| Exercise goal |
Set down exactly the lines from the first line of the records through the line that contains "-، إذ يقول عن", and leave every picture out.

[[ Recorded information open ]]

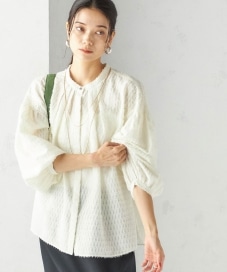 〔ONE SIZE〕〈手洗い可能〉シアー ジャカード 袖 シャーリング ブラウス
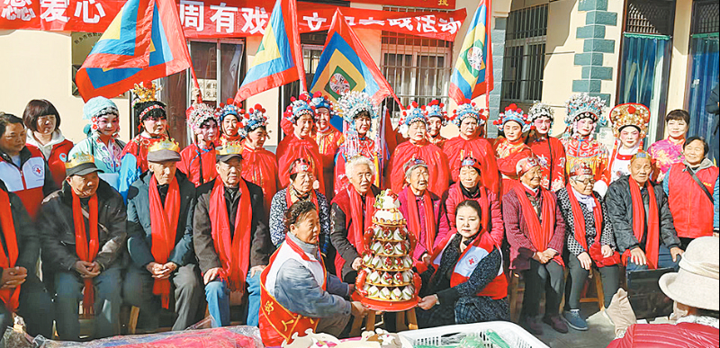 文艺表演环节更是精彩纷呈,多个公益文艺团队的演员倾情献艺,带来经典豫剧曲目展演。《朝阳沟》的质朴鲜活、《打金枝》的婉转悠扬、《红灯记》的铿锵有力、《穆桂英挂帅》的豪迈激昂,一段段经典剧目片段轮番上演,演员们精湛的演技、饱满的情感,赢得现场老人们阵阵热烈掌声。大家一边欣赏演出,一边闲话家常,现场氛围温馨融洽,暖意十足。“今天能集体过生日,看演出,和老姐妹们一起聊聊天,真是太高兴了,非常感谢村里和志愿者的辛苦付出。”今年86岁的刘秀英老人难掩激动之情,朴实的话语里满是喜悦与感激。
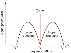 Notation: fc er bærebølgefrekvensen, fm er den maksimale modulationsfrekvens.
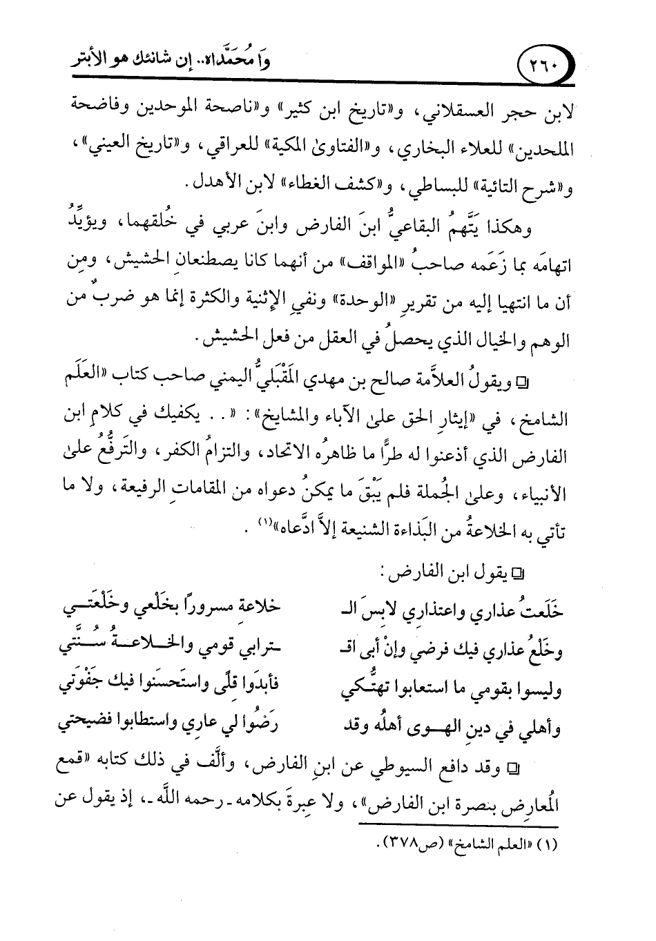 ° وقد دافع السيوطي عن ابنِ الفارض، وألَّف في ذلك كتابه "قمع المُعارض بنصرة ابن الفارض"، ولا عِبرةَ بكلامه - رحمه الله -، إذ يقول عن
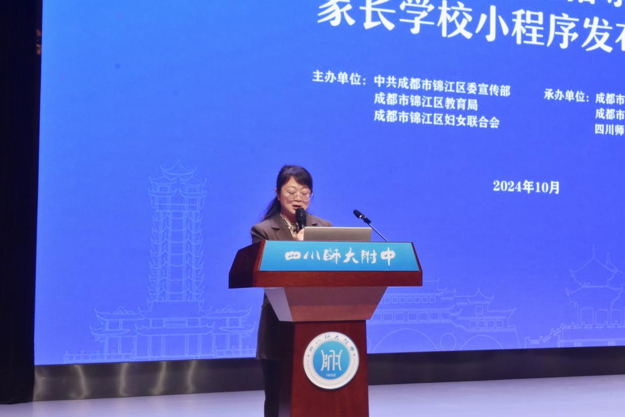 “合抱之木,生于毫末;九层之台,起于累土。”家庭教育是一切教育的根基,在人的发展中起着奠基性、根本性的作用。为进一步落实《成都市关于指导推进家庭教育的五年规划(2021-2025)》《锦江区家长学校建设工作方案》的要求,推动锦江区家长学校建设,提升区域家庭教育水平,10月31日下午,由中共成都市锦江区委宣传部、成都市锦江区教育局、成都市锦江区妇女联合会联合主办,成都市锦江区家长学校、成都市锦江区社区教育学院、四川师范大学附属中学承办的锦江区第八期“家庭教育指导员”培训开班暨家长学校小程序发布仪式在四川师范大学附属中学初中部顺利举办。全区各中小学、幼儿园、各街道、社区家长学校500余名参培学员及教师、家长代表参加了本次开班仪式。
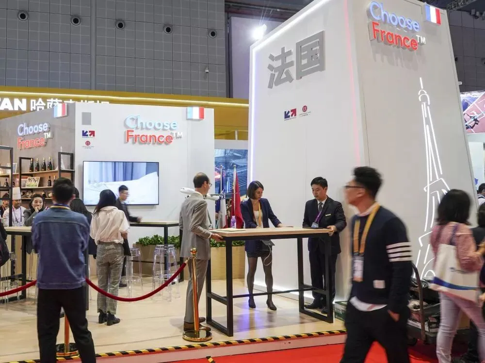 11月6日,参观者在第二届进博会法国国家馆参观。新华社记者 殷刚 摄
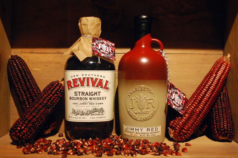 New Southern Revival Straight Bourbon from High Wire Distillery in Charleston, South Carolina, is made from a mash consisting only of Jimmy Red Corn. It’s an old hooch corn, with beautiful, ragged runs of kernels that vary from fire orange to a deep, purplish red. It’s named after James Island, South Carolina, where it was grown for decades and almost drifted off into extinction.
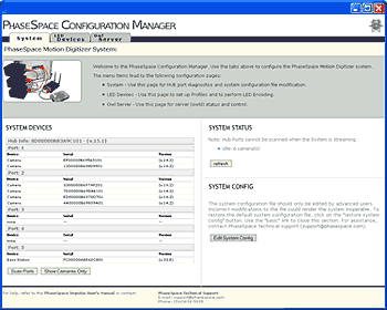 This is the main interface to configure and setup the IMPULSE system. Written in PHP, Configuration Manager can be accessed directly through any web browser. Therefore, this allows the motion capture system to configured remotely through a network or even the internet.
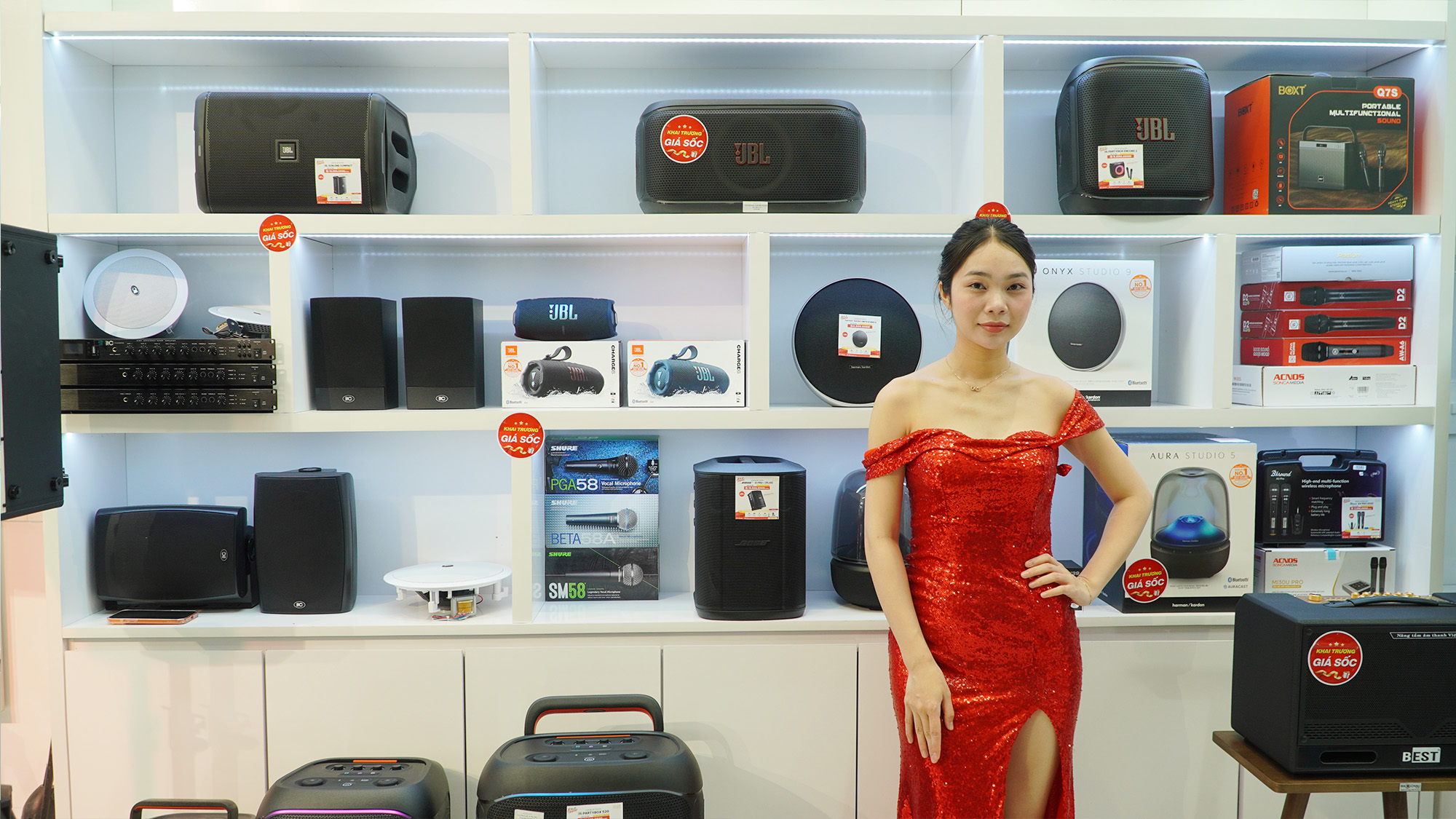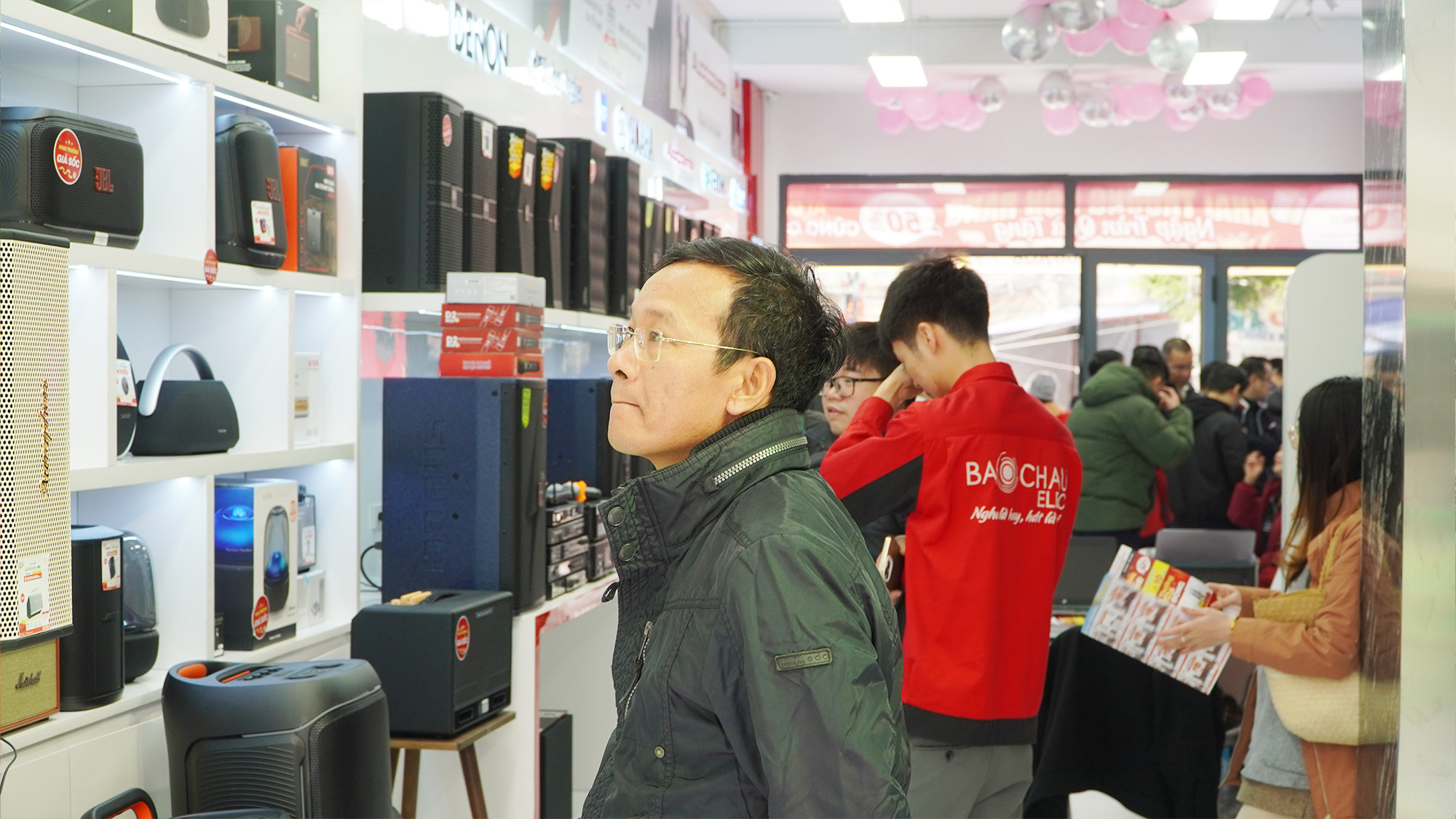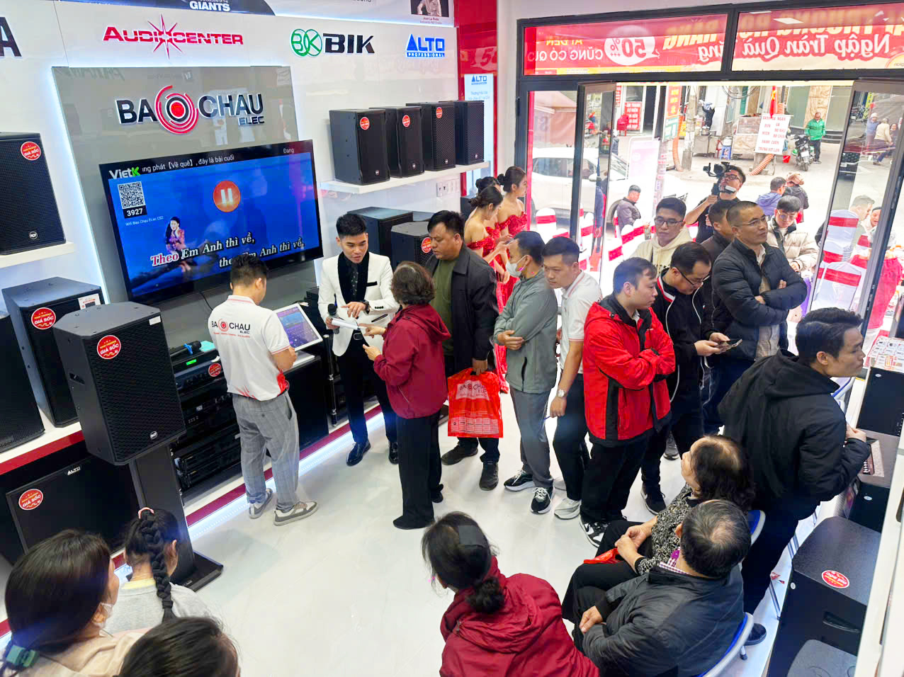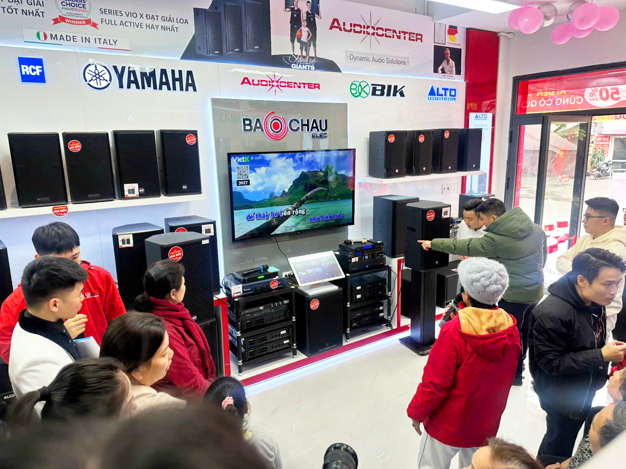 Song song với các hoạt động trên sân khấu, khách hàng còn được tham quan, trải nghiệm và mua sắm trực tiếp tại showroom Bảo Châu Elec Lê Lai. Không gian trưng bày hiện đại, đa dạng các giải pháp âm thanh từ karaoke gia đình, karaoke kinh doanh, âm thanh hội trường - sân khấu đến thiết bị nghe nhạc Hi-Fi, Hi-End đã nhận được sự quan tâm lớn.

[[ Recorded information closed ]]

| Answer for this exercise |
 〔ONE SIZE〕〈手洗い可能〉シアー ジャカード 袖 シャーリング ブラウス
 文艺表演环节更是精彩纷呈,多个公益文艺团队的演员倾情献艺,带来经典豫剧曲目展演。《朝阳沟》的质朴鲜活、《打金枝》的婉转悠扬、《红灯记》的铿锵有力、《穆桂英挂帅》的豪迈激昂,一段段经典剧目片段轮番上演,演员们精湛的演技、饱满的情感,赢得现场老人们阵阵热烈掌声。大家一边欣赏演出,一边闲话家常,现场氛围温馨融洽,暖意十足。“今天能集体过生日,看演出,和老姐妹们一起聊聊天,真是太高兴了,非常感谢村里和志愿者的辛苦付出。”今年86岁的刘秀英老人难掩激动之情,朴实的话语里满是喜悦与感激。
 Notation: fc er bærebølgefrekvensen, fm er den maksimale modulationsfrekvens.
 ° وقد دافع السيوطي عن ابنِ الفارض، وألَّف في ذلك كتابه "قمع المُعارض بنصرة ابن الفارض"، ولا عِبرةَ بكلامه - رحمه الله -، إذ يقول عن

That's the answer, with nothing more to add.